= GAle GAtes et al. =

Theatre production company in New York (1995–2003)

GAle GAtes et al. was a visual art and performance company active in New York City from 1995 to 2003. The company was co-founded by director, designer, and visual artist Michael Counts, performer and producer Michelle Stern, and scholar and Butoh performer John Oglevee.

In the first two years, GAle GAtes et al. productions were mounted in multiple indoor and outdoor locations in New York, Thailand, and Japan ranging from the vacant floors of skyscrapers to the side of a mountain at Min Tanaka's Body Weather Farm. In 1997, the company became resident in a 40,000 sq ft warehouse space in Dumbo, Brooklyn where it produced five large scale performance installations and presented numerous visual art installations, gallery exhibitions, and performances.

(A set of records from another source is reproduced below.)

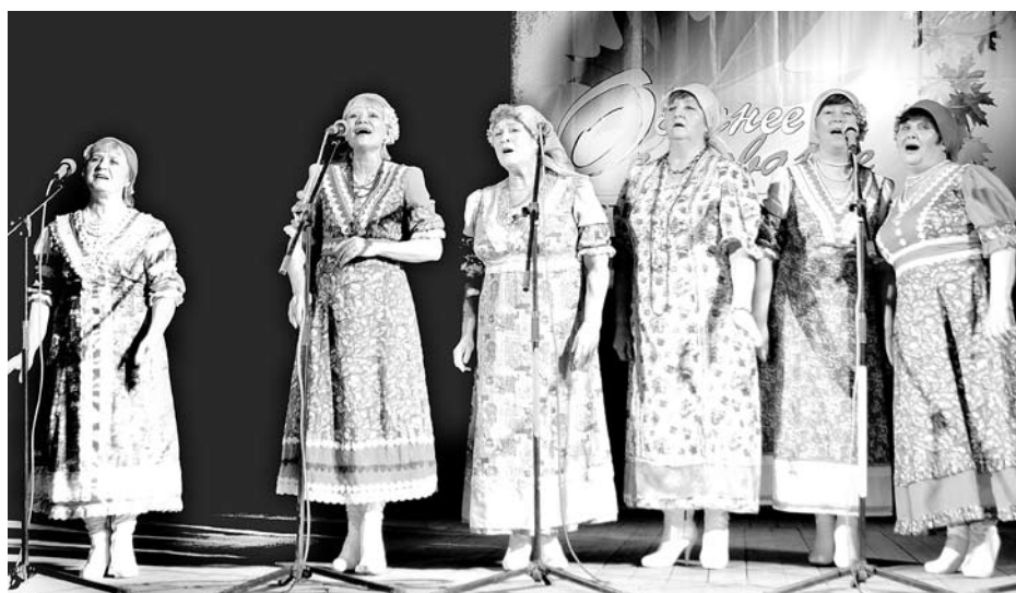
Солистки ансамбля «Селяночка» поют так, что не слушать и не восхищаться ими просто нельзя.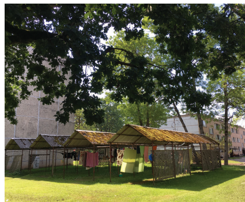
Nojumes veļas žāvēšanai dzīvojamo ēku pagalmā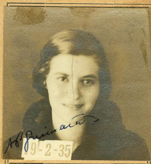
Só é valido o retrato que tiver a assinatura da autoridade sanitaria.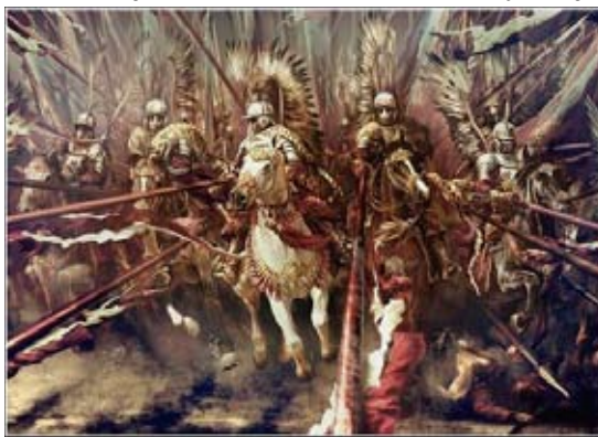
Bóg, Honor, Ojczyzna.

Nawiedzenie cmentarza jest też okazją, by na nowo odkryć prawdę o znaczeniu wiary, która upodmiotowi przeżywanie tego typu doświadczeń, także o niezwykłej więzi, jaką pozwala utrzymać modlitwa w intencji zmarłych. To modlitwa, a nie kwiaty czy licznie stawiane znicze daje możliwość zachowania intymnej,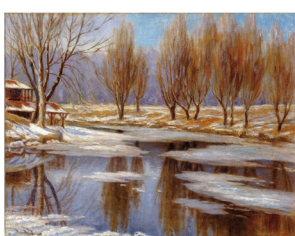
Maurice Séguin : le sens de l'héritage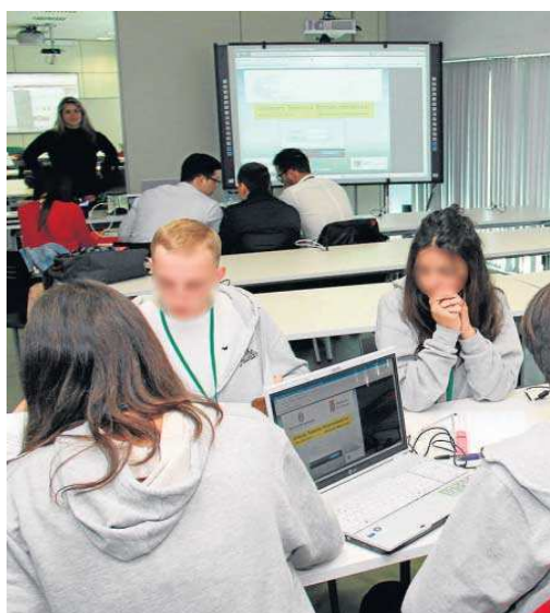
Un grupo de jóvenes en un curso sobre emprendimiento.

Se trata de un indicador que incluye tanto la fase de nacimiento de la empresa como la de su consideración como compañía nue-

The New York Times described GAle GAtes et al. as "an adventurous troupe with one foot in the world of post-modern art and the other in downtown performance." This feeling can be compared to wandering through a gallery and encountering surprising artworks, much like how Counts wandered through the galleries of the Metropolitan Museum of Art as a child. In the more frenetic sequences of The Field of Mars, the experience was more like exploring the different spaces of an underground nightclub, or, in the eyes of Peter Marks of The New York Times, "a little bit like chasing a two year old around an apartment." In Art and America, Douglas Davis described the Field of Mars audience as "dazzled witnesses to a cosmic event". In PAJ: A Journal of Performance and Art, Michael Rush describes the experience of a Counts production as "akin to diving into a hypertext on the internet, but he’s doing all the clicking and controlling. It’s also like cruising through a fun house at the carnival, but the creatures popping out of the darkness aren’t just screaming, they’re reciting oblique texts from classical literature, art criticism, Fellini movies, and Dada playlets."